= Beginning of Section =

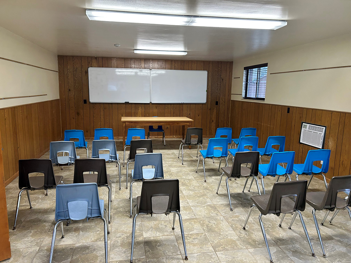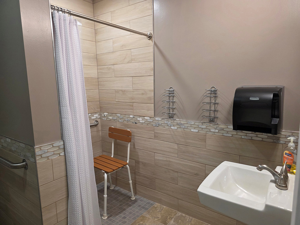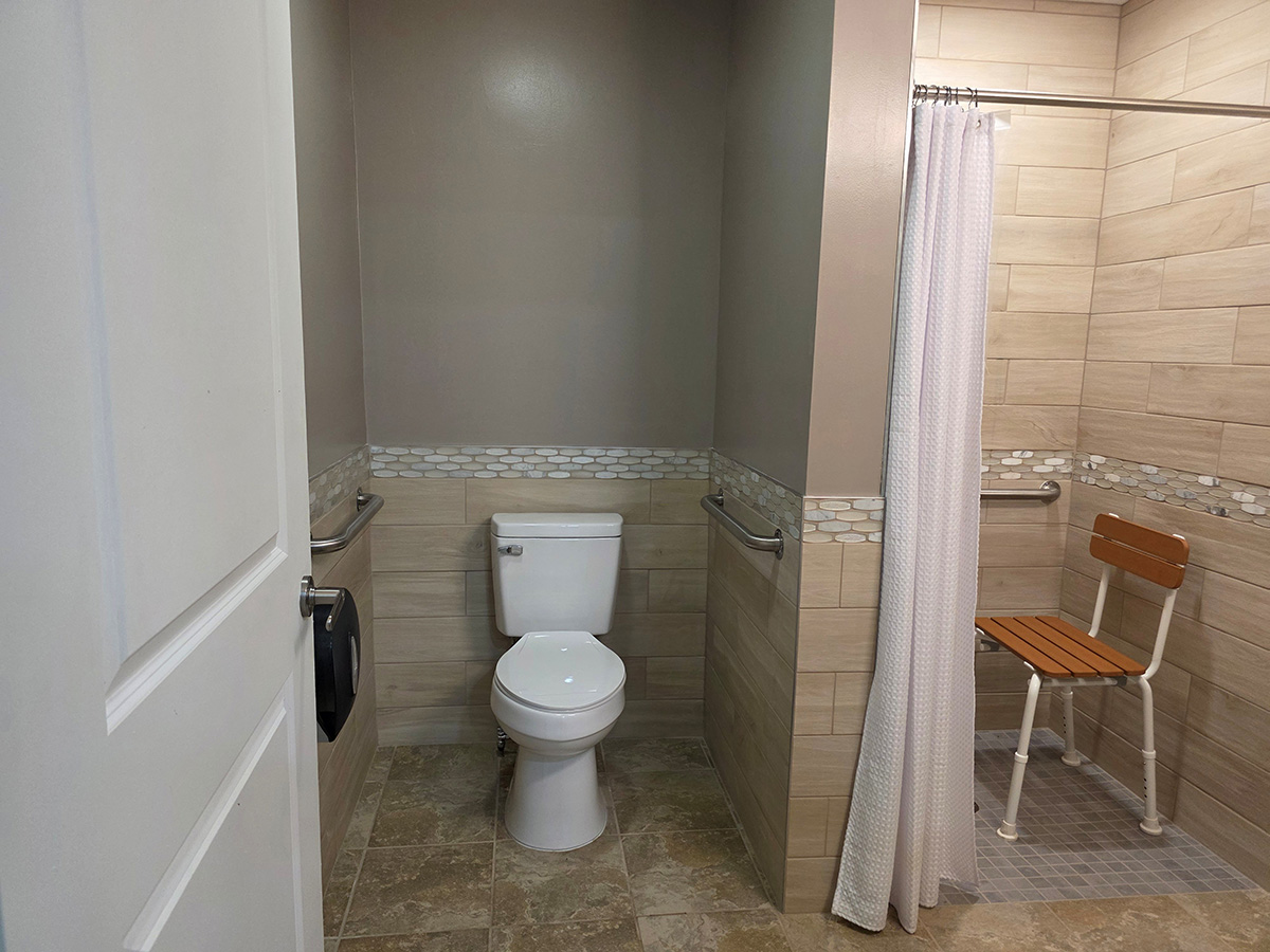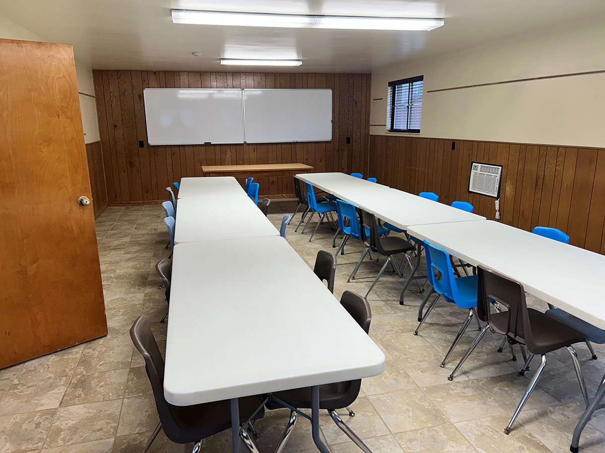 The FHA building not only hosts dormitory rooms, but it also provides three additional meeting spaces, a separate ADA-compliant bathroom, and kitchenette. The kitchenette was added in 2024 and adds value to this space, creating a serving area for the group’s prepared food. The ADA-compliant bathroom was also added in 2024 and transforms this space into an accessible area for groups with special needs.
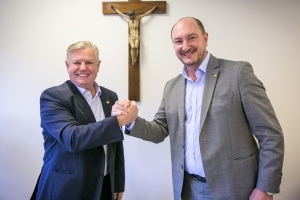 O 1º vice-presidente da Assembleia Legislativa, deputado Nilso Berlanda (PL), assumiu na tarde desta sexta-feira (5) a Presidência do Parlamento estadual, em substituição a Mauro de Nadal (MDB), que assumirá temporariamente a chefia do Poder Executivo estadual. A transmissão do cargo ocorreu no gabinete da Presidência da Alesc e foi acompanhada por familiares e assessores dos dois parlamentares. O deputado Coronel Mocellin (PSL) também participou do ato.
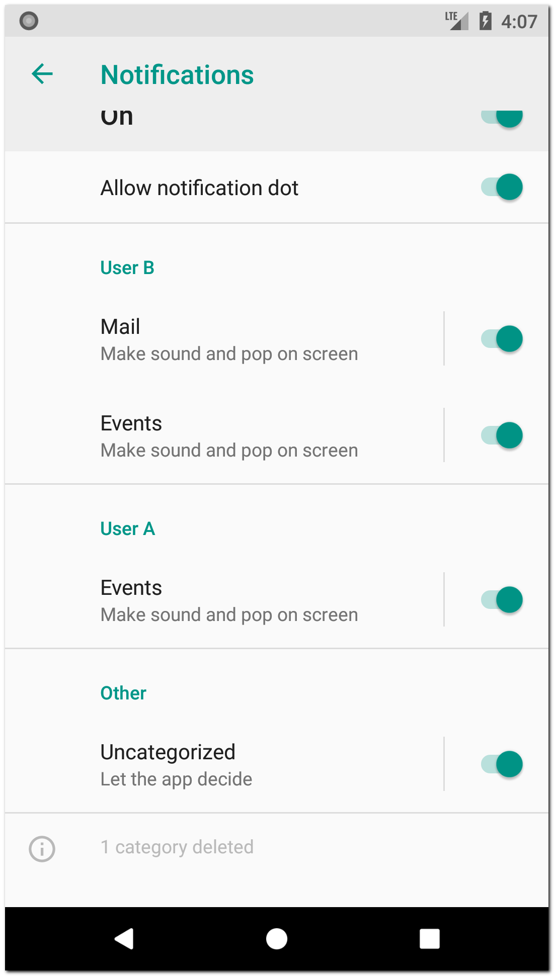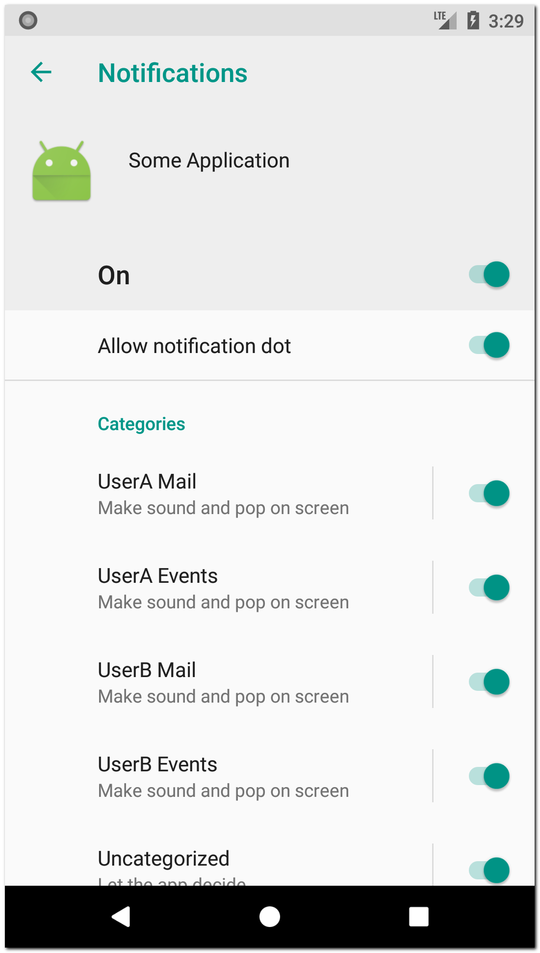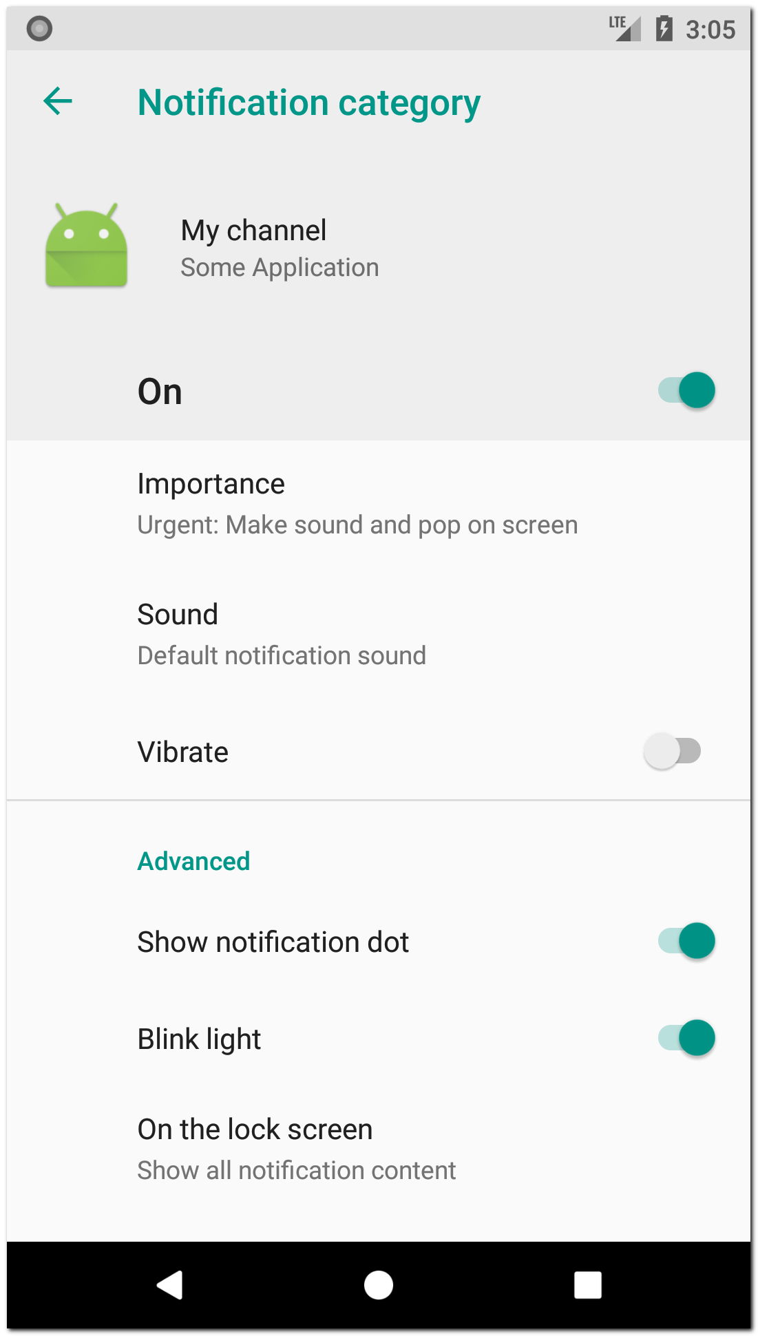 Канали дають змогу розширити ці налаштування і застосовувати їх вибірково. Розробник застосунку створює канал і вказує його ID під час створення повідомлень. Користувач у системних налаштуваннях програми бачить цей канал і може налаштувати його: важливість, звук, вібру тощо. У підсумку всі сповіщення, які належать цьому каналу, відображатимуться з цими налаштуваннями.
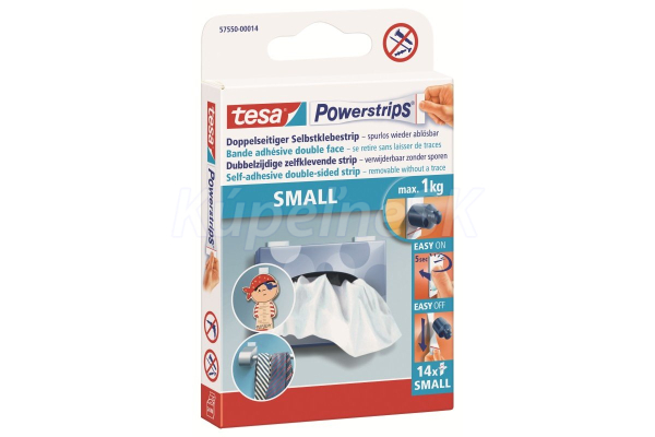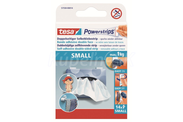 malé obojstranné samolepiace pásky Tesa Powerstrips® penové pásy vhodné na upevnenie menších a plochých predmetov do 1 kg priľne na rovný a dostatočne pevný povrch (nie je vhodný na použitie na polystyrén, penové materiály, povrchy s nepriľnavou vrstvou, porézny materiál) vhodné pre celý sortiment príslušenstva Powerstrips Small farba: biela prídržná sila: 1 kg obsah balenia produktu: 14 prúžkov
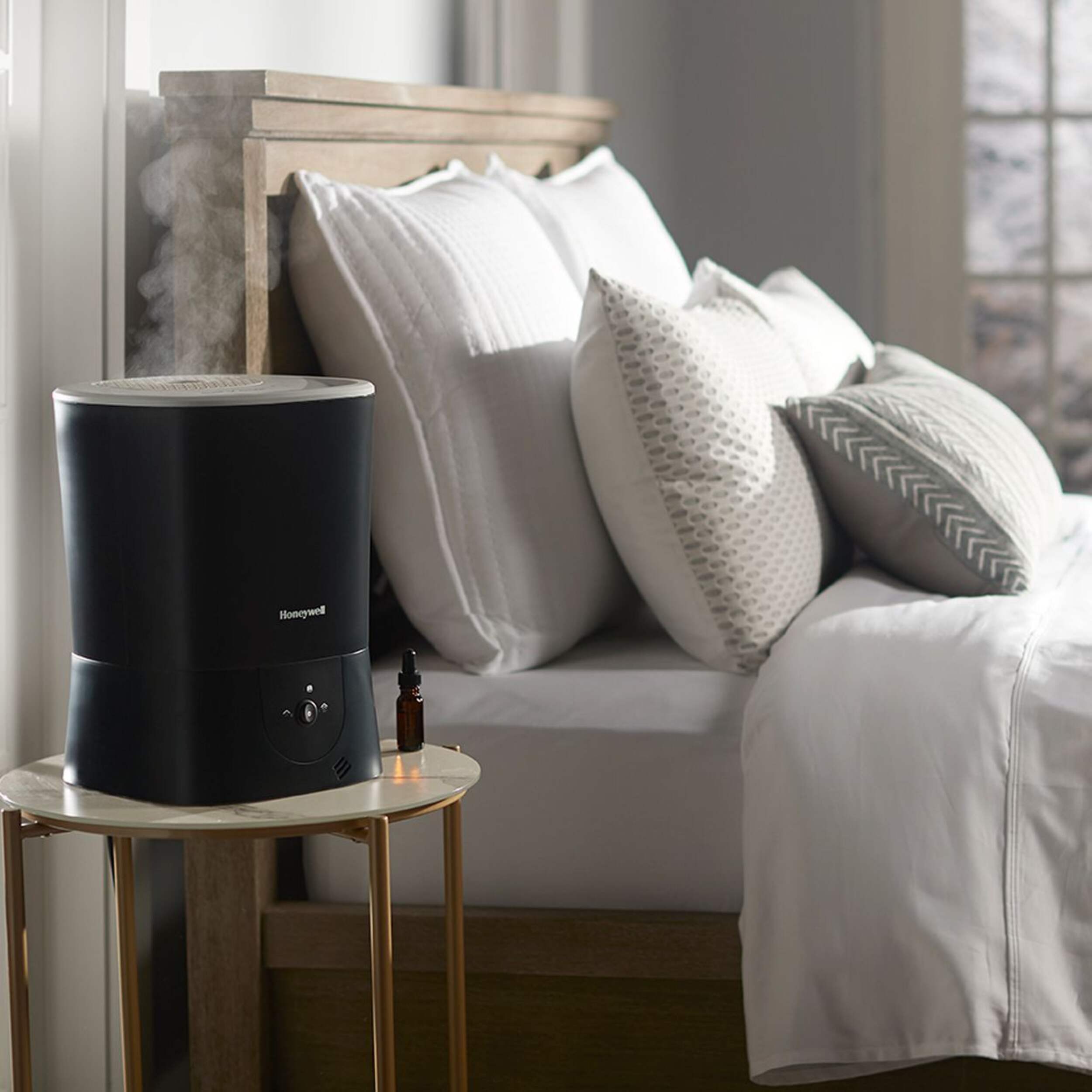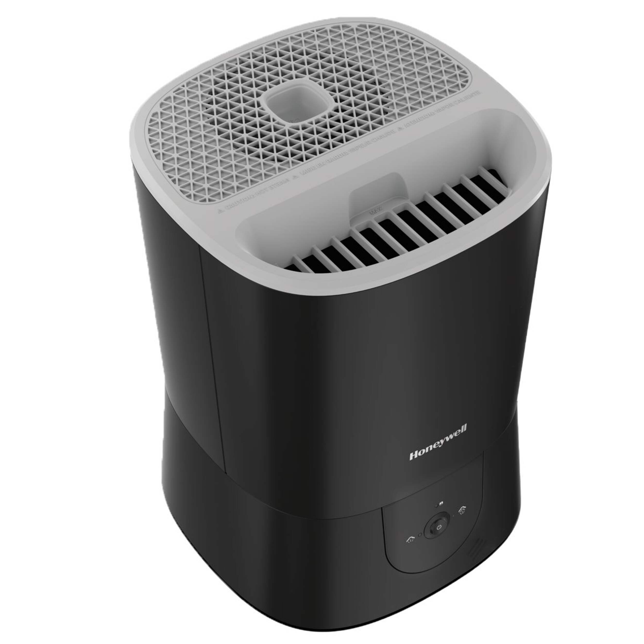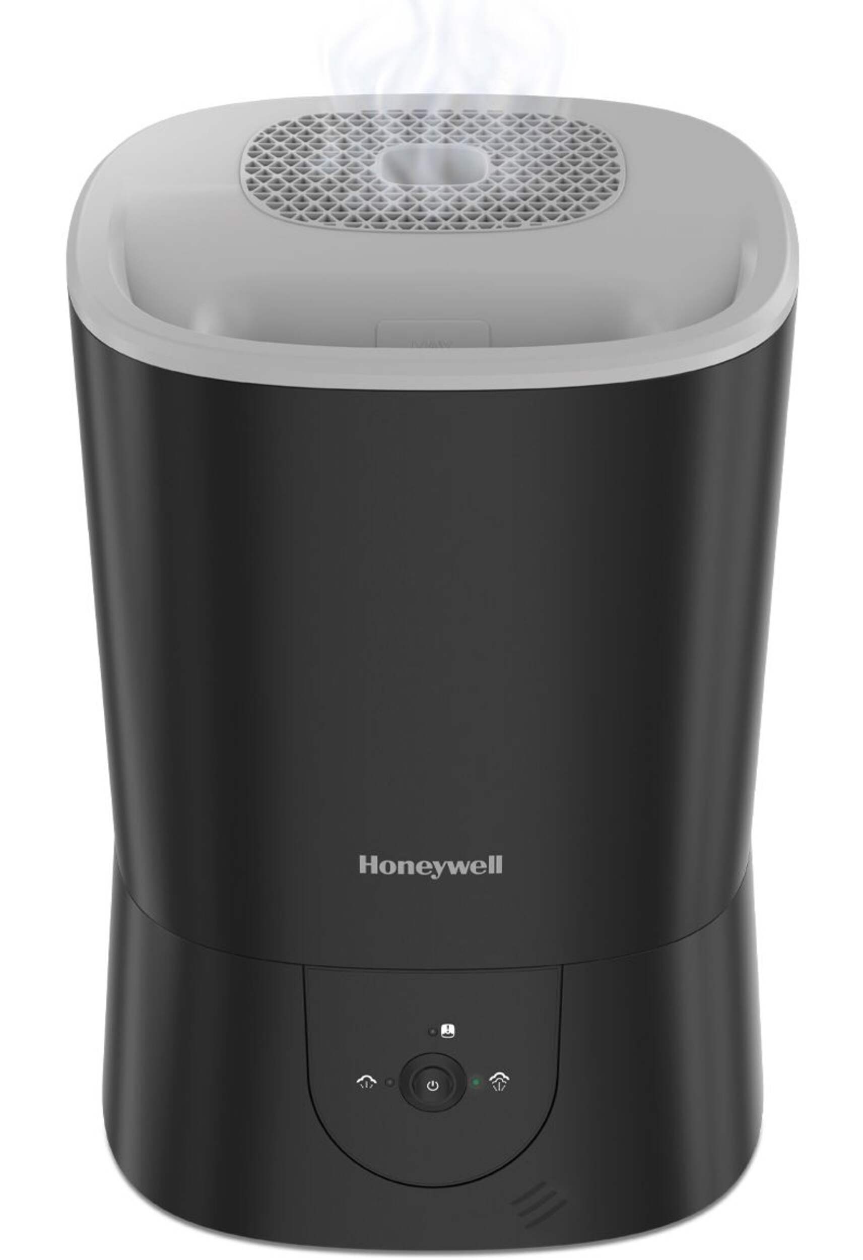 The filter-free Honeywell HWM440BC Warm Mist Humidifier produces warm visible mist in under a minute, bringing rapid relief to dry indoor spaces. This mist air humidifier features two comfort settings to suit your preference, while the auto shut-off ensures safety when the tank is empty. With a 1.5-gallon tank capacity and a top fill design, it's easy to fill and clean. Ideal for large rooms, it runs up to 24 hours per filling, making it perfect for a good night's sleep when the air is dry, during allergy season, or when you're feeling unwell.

= End of Section =

From the first line of the records through the line with "O 1º vice-presidente", reproduce each line exactly and leave the pictures out.

# Your solution
 The FHA building not only hosts dormitory rooms, but it also provides three additional meeting spaces, a separate ADA-compliant bathroom, and kitchenette. The kitchenette was added in 2024 and adds value to this space, creating a serving area for the group’s prepared food. The ADA-compliant bathroom was also added in 2024 and transforms this space into an accessible area for groups with special needs.
 O 1º vice-presidente da Assembleia Legislativa, deputado Nilso Berlanda (PL), assumiu na tarde desta sexta-feira (5) a Presidência do Parlamento estadual, em substituição a Mauro de Nadal (MDB), que assumirá temporariamente a chefia do Poder Executivo estadual. A transmissão do cargo ocorreu no gabinete da Presidência da Alesc e foi acompanhada por familiares e assessores dos dois parlamentares. O deputado Coronel Mocellin (PSL) também participou do ato.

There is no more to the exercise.